Brief: Below are records; the lines starting at the one with "Feel stylish and" and ending at the one with "The matching Bobble" must be reproduced exactly, both included. Pictures must not appear.

---------- Provided material ----------

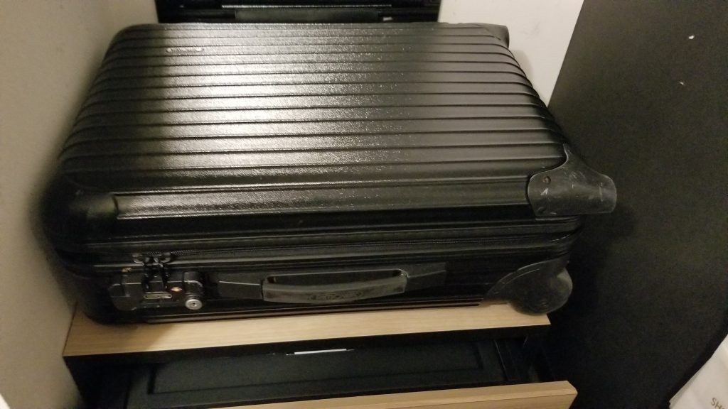 RIMOWAの機内持ち込みタイプのキャリーはハンガー下の台の上に置くことが出来ます。
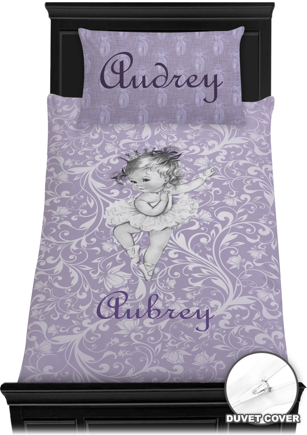 Our ballerina design is simply stunning and is perfect for the baby or little girl that is going to grow up to be a ballerina. We have create yet another layered design. The background is a beautiful, elegant floral pattern that we have done purple/lavender tone on tone color. Our second background is a subtle radial fill to highlight our beautiful ballerina. In the foreground, we have our beautiful vintage ballerina. For personalization, we added her name in a simple upright script font.
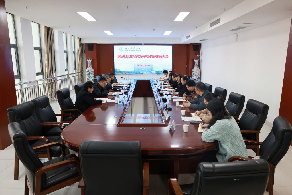 本网讯(通讯员 林宝虎)12月27日,全国政协委员、民进湖北省委主委胡仲军一行来我校调研。学校党委书记郑丹凤,党委常委、统战部长谭艳全程陪同并出席调研座谈会。
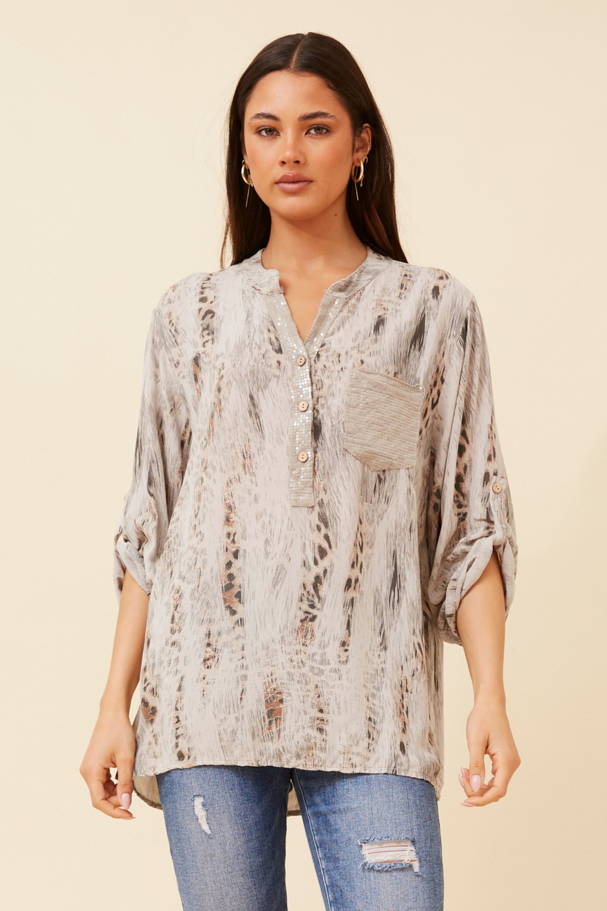 Feel stylish and chic in our Elya Italian Blouse in White, designed to add a playful edge to your wardrobe. Featuring sparkling sequins and a hint of leopard print, it’s easy to style with your favourite jeans or tucked into skirts for a fun, fashionable look.
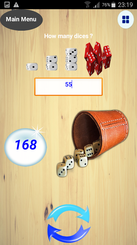• You can play in dice games and use 1 or 2 or 3 dice "on table" or much more dice in bucket (from 1 to 1000 dice)
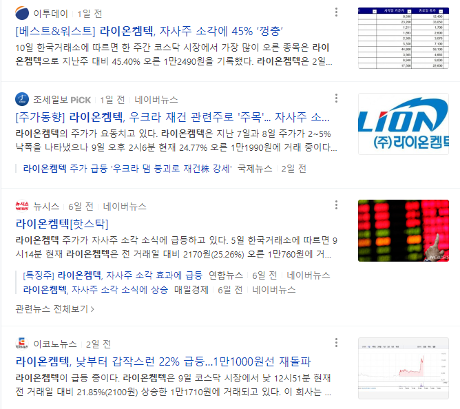 상한가 및 급등 종목
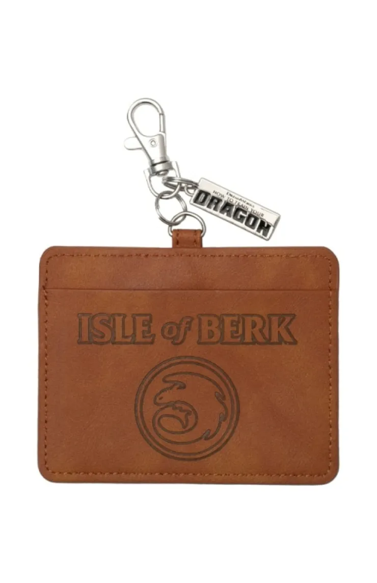 Epic Universe's Isle of Berk lanyard pouch featuring an embossed design of the Isle of Berk logo with a "How to Train Your Dragon" charm.
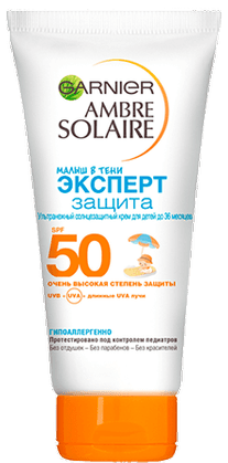 Средство для защиты от солнца, разработанное специально для нежной кожи детей от 0 до 3х лет. Оно имеет высокую степень защиты SPF 50+, гипоаллергенно.
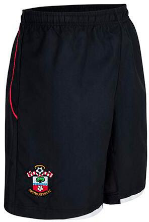 Die Hose des neuen Saints FC 2014-15 Heimtrikots ist schwarz mit einem roten Streifen, während die hauptsächlich roten Stutzen dunkelrote Streifen aufweisen.
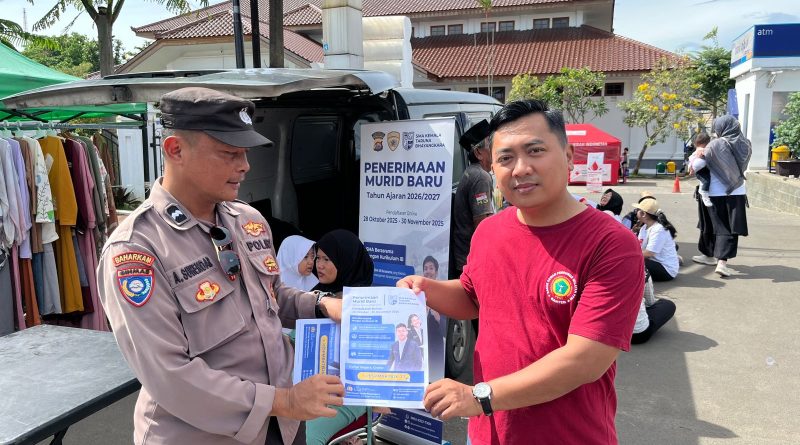 POLRESTA SERKOT– Kapolsek Serang AKP Hery Wiyono, SH, MM melaksanakan kegiatan sosialisasi penerimaan peserta didik baru SMA Taruna Kemala Bhayangkara pada kegiatan Car Free Day di Alun-Alun Kota Serang, pada Minggu pagi, 09 November 2025.
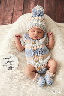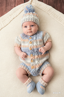 The matching Bobble hat and Booties perfectly match this beautiful romper.
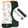 Nepropustná opěrka nohou z voděodolné tkaniny zabraňuje znečištění od mokrých bot, což usnadňuje péči o vložku. Chrániče na pásy zajišťují dodatečný komfort a bezpečnost během cestování, a jejich univerzálnost je ideální pro různé typy kočárků a autosedaček. Díky použití oboustranné látky a pohodlných suchých zipů jsou snadno montovatelné a použitelné.
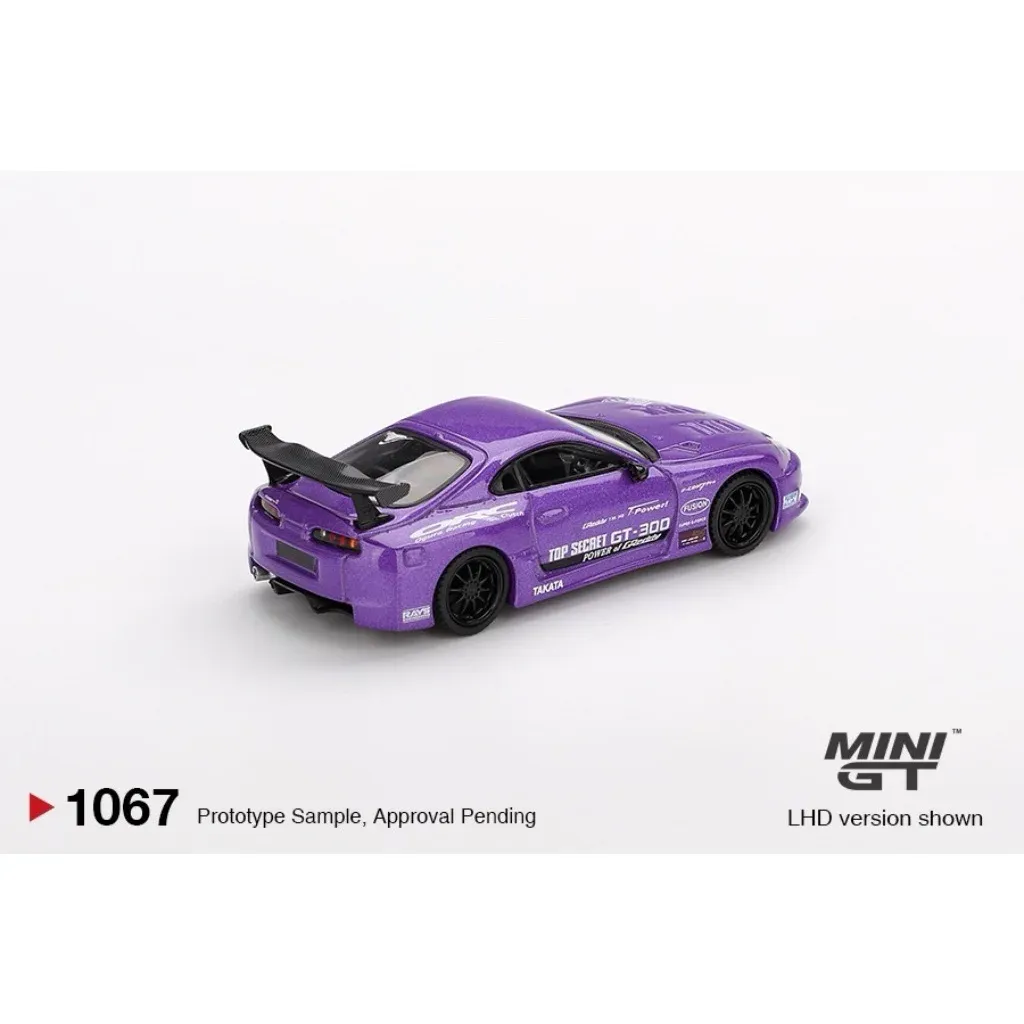Toyota Supra (A80) Top Secret GT-300 som modell från Mini GT i skala 1:64 (ca 7 cm). Lila lack (Top Secret Purple) med vita detaljer och svarta fälgar.
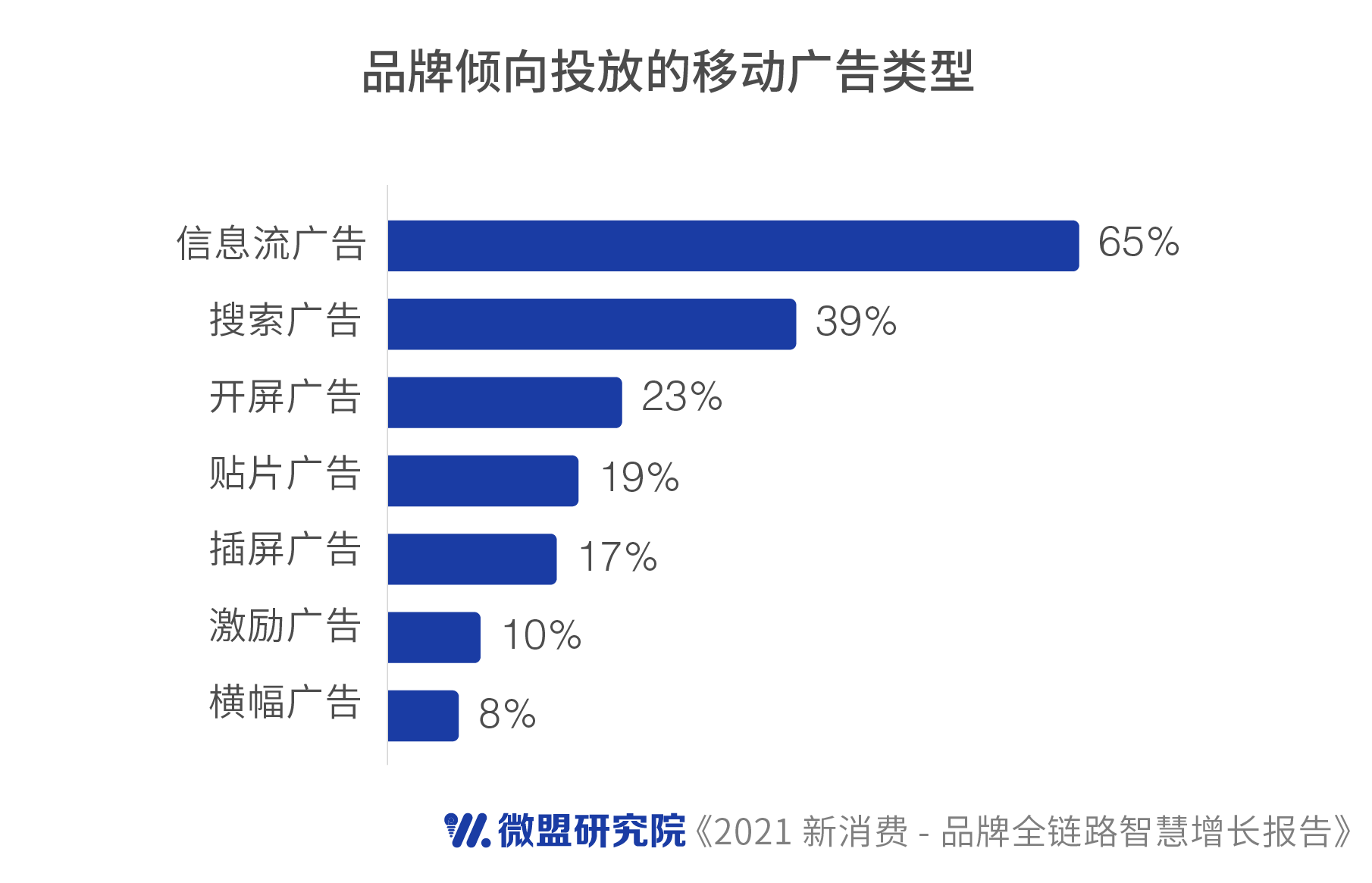 以新消费典型行业“零售、电商”为例,据《微盟报告》显示,零售、电商行业的效果广告的规模占比达83%、92%——其中,精准投放能力强的广告类型更容易收到品牌方的青睐,因此在各种广告类型中,由于信息流广告能够通过大数据和AI技术实现精准投放,效果评估更为精准,是品牌方最愿意选择的广告类型,有65%的品牌倾向于信息流广告;倾向于搜索广告和开屏广告的品牌则分别为39%、23%,虽然仅次于信息流广告,但倾向程度已经大打折扣;只有8%的品牌还愿意选择最传统的横幅广告。
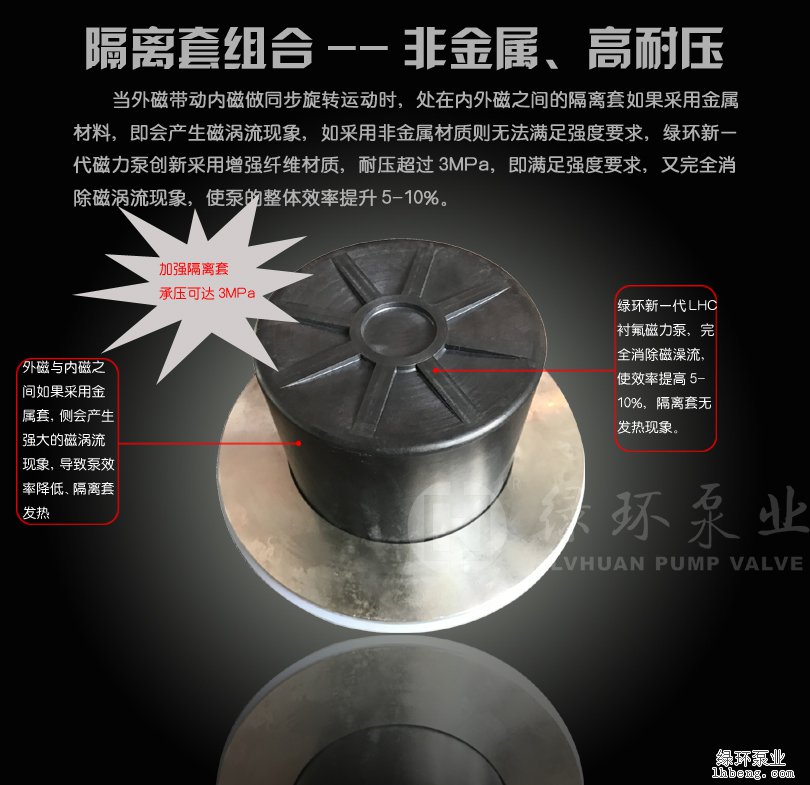 四、材料上:LHC磁力泵主轴、轴套采用间隙配合,且材质均采用自润滑抗干磨无压烧结碳化硅制成。泵的加强套采用碳纤维增强PEEK,无磁涡流现象,耐压3MPa。
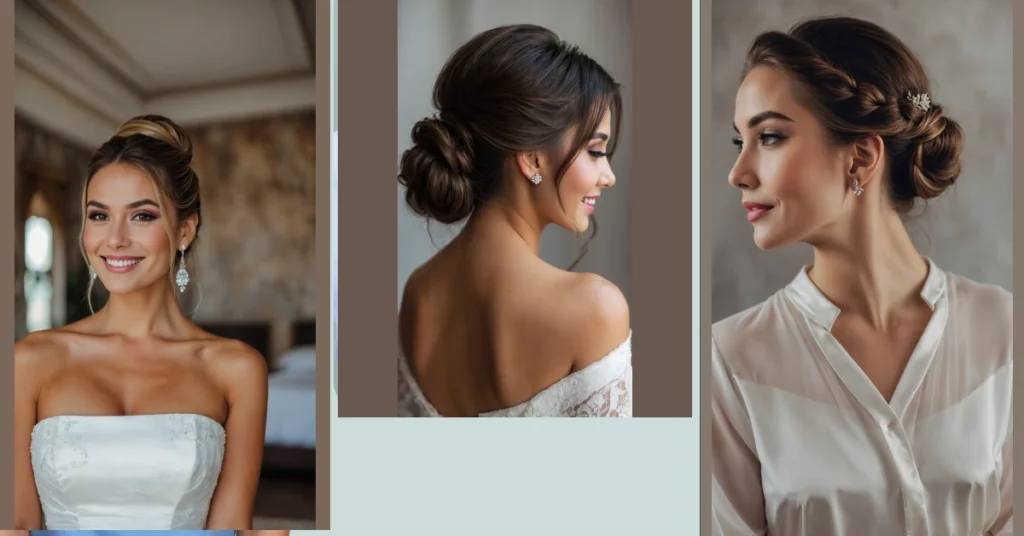 This kind of bun is a total MVP for any big day, especially a wedding. You won’t have to worry about your hair drooping halfway through the ceremony or getting tangled when you bust out your best moves on the dance floor. Plus, notice that super cute sparkly earring in the picture? A simple, clean bun like this lets cool accessories (and your own awesome neck and shoulders, showing off that snazzy dress strap!) really shine, instead of being hidden behind a waterfall of hair. It’s basically the smart choice for looking fabulous and staying comfy, so you can focus on the important stuff, like who gets the last slice of cake!
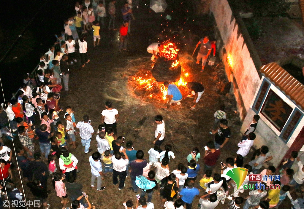 江西省進(jìn)賢縣西湖李村燒圣塔喜迎中秋節(jié)。燒圣塔是當(dāng)?shù)貜墓胖两裱永m(xù)下來的中秋習(xí)俗。

----------

Solution to this exercise:
 Feel stylish and chic in our Elya Italian Blouse in White, designed to add a playful edge to your wardrobe. Featuring sparkling sequins and a hint of leopard print, it’s easy to style with your favourite jeans or tucked into skirts for a fun, fashionable look.
• You can play in dice games and use 1 or 2 or 3 dice "on table" or much more dice in bucket (from 1 to 1000 dice)
 상한가 및 급등 종목
 Epic Universe's Isle of Berk lanyard pouch featuring an embossed design of the Isle of Berk logo with a "How to Train Your Dragon" charm.
 Средство для защиты от солнца, разработанное специально для нежной кожи детей от 0 до 3х лет. Оно имеет высокую степень защиты SPF 50+, гипоаллергенно.
 Die Hose des neuen Saints FC 2014-15 Heimtrikots ist schwarz mit einem roten Streifen, während die hauptsächlich roten Stutzen dunkelrote Streifen aufweisen.
 POLRESTA SERKOT– Kapolsek Serang AKP Hery Wiyono, SH, MM melaksanakan kegiatan sosialisasi penerimaan peserta didik baru SMA Taruna Kemala Bhayangkara pada kegiatan Car Free Day di Alun-Alun Kota Serang, pada Minggu pagi, 09 November 2025.
 The matching Bobble hat and Booties perfectly match this beautiful romper.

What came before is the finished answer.